§ DATASET SECTION:
——

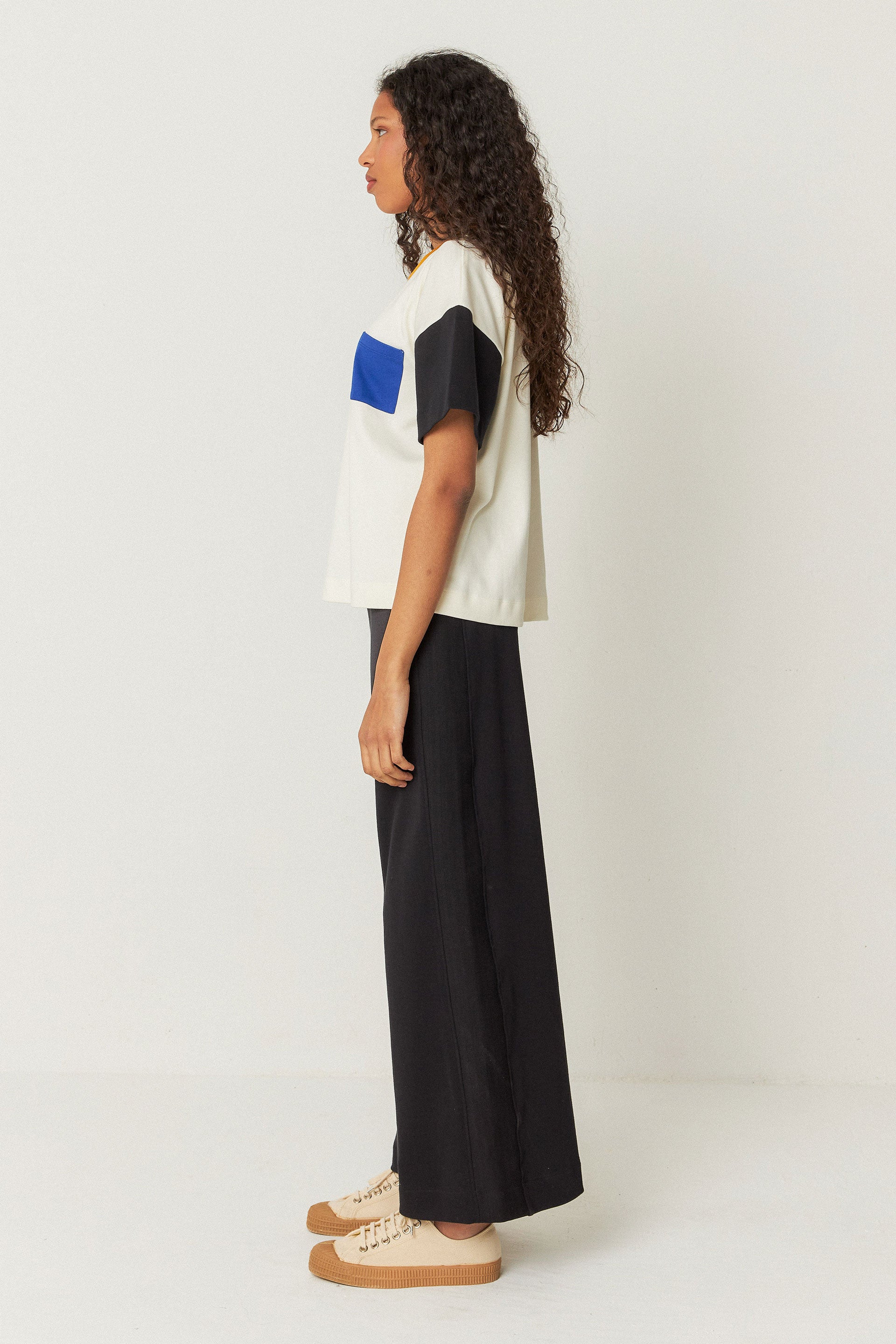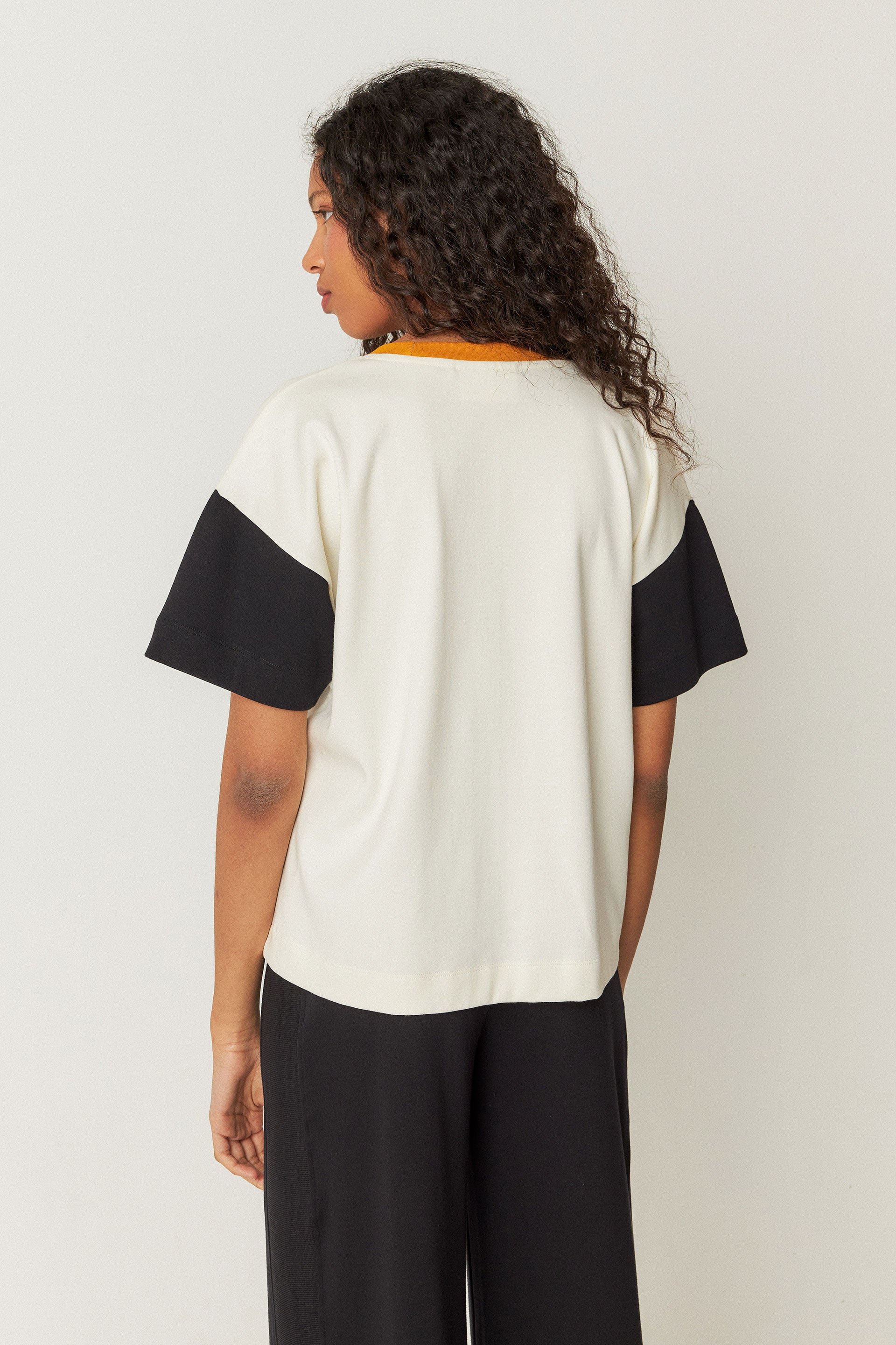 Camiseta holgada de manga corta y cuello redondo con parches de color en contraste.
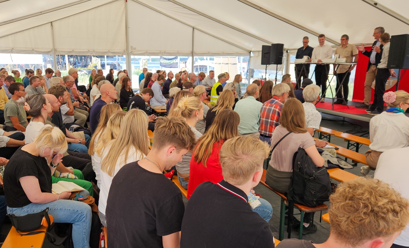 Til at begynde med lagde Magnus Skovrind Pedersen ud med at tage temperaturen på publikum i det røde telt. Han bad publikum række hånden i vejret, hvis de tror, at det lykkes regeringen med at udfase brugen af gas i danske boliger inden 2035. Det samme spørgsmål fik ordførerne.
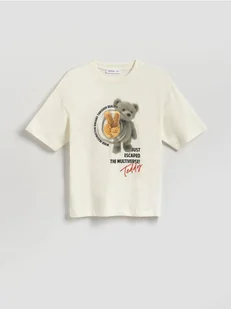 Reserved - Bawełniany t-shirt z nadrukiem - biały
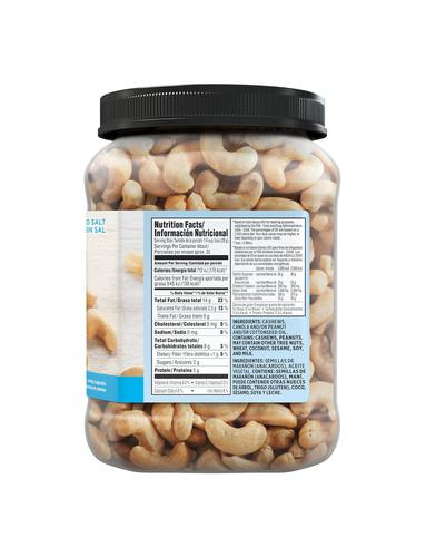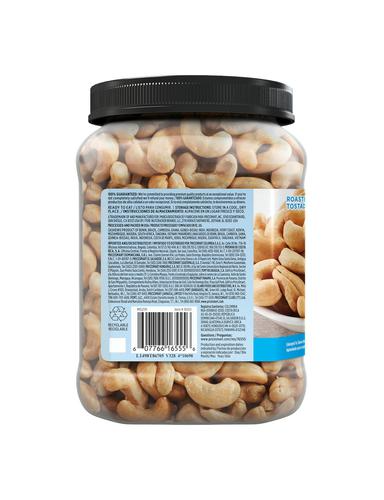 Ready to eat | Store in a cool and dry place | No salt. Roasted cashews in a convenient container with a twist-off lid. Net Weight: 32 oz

——

§ WHAT NEEDS TO BE DONE:
Write out each line again, exactly as it appears above, except for any picture.

§ EXERCISE RESPONSE:
 Camiseta holgada de manga corta y cuello redondo con parches de color en contraste.
 Til at begynde med lagde Magnus Skovrind Pedersen ud med at tage temperaturen på publikum i det røde telt. Han bad publikum række hånden i vejret, hvis de tror, at det lykkes regeringen med at udfase brugen af gas i danske boliger inden 2035. Det samme spørgsmål fik ordførerne.
 Reserved - Bawełniany t-shirt z nadrukiem - biały
 Ready to eat | Store in a cool and dry place | No salt. Roasted cashews in a convenient container with a twist-off lid. Net Weight: 32 oz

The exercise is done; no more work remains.